TASK REQUIREMENTS.
The answer should be every line below, repeated exactly, with the images left out.

DATA SHOWN.
**********
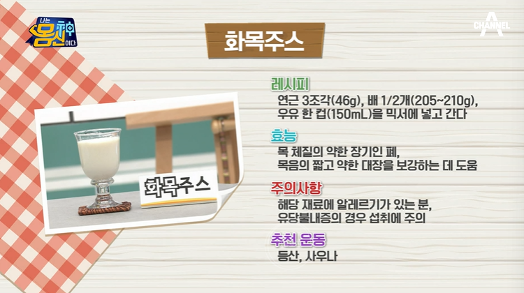 - 추천 주스 : 화목 주스 (연근 3조각, 배 1/2개, 우유 한 컵 150mL을 믹서에 갈기, 취향껏 꿀 추가)
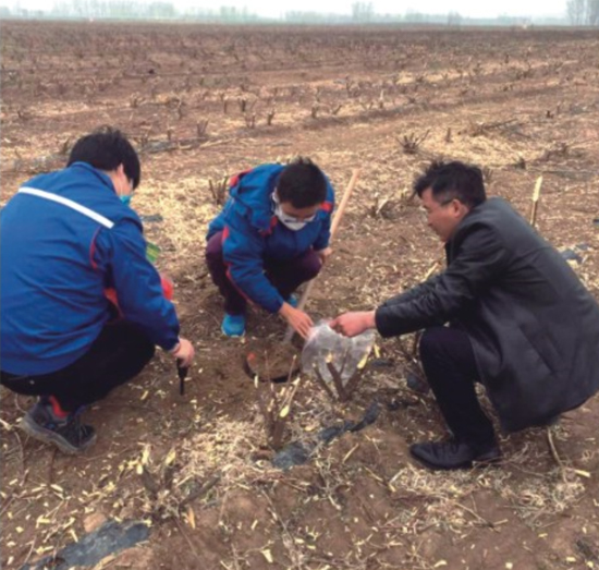 3月24日起,红四方农艺师王坤开始奔波在服务客户的旅途中,到达河南睢县后与当地业务经理一同前往田间地头,通过田间查看以及仪器测量帮助农户找到了小麦长势不好的原因,并提出有效的解决方案。随后马不停蹄地赶往下一个地点为种植大户提供测土服务,同时协助业务经理召开网点会议,从大家关心的问题出发,形象生动地为大家介绍了花生的科学种植技术,获得了用户的一致称赞。
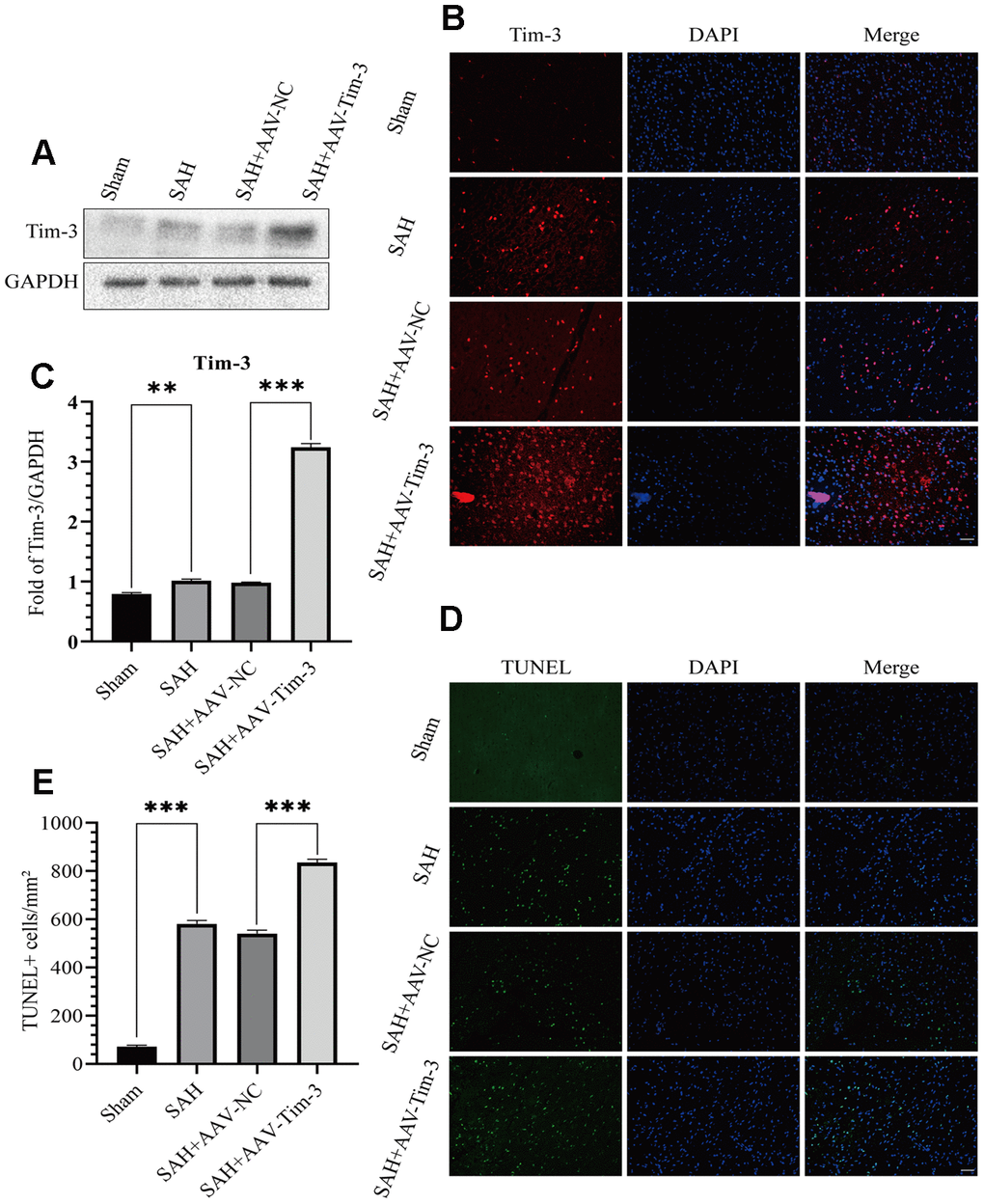 Lateral intraventricular injection of AAV-Tim3 was performed 3 weeks prior to SAH, and measured 24 h after SAH. Western blotting analysis showed that Tim-3 was noticeably increased after SAH (Figure 2A, 2B), which was verified by immunofluorescence staining (Figure 2C). To further investigate the effects of AAV-Tim-3 treatment on EBI after SAH, TUNEL staining was performed to estimated neurocyte apoptosis. At 24 h after SAH, TUNEL staining revealed that SAH induced a large amount of TUNEL-positive neurocyte in the cortical region of the ipsilateral hemisphere. Administration of AAV-Tim-3 significantly increased the number of TUNEL-positive neurocyte compared with the SAH+AAV-NC group. Furthermore, there was no significant difference between the SAH and SAH + AAV-NC groups (Figure 2D, 2E).
**********
RESULT FOR THIS TASK.
 - 추천 주스 : 화목 주스 (연근 3조각, 배 1/2개, 우유 한 컵 150mL을 믹서에 갈기, 취향껏 꿀 추가)
 3月24日起,红四方农艺师王坤开始奔波在服务客户的旅途中,到达河南睢县后与当地业务经理一同前往田间地头,通过田间查看以及仪器测量帮助农户找到了小麦长势不好的原因,并提出有效的解决方案。随后马不停蹄地赶往下一个地点为种植大户提供测土服务,同时协助业务经理召开网点会议,从大家关心的问题出发,形象生动地为大家介绍了花生的科学种植技术,获得了用户的一致称赞。
 Lateral intraventricular injection of AAV-Tim3 was performed 3 weeks prior to SAH, and measured 24 h after SAH. Western blotting analysis showed that Tim-3 was noticeably increased after SAH (Figure 2A, 2B), which was verified by immunofluorescence staining (Figure 2C). To further investigate the effects of AAV-Tim-3 treatment on EBI after SAH, TUNEL staining was performed to estimated neurocyte apoptosis. At 24 h after SAH, TUNEL staining revealed that SAH induced a large amount of TUNEL-positive neurocyte in the cortical region of the ipsilateral hemisphere. Administration of AAV-Tim-3 significantly increased the number of TUNEL-positive neurocyte compared with the SAH+AAV-NC group. Furthermore, there was no significant difference between the SAH and SAH + AAV-NC groups (Figure 2D, 2E).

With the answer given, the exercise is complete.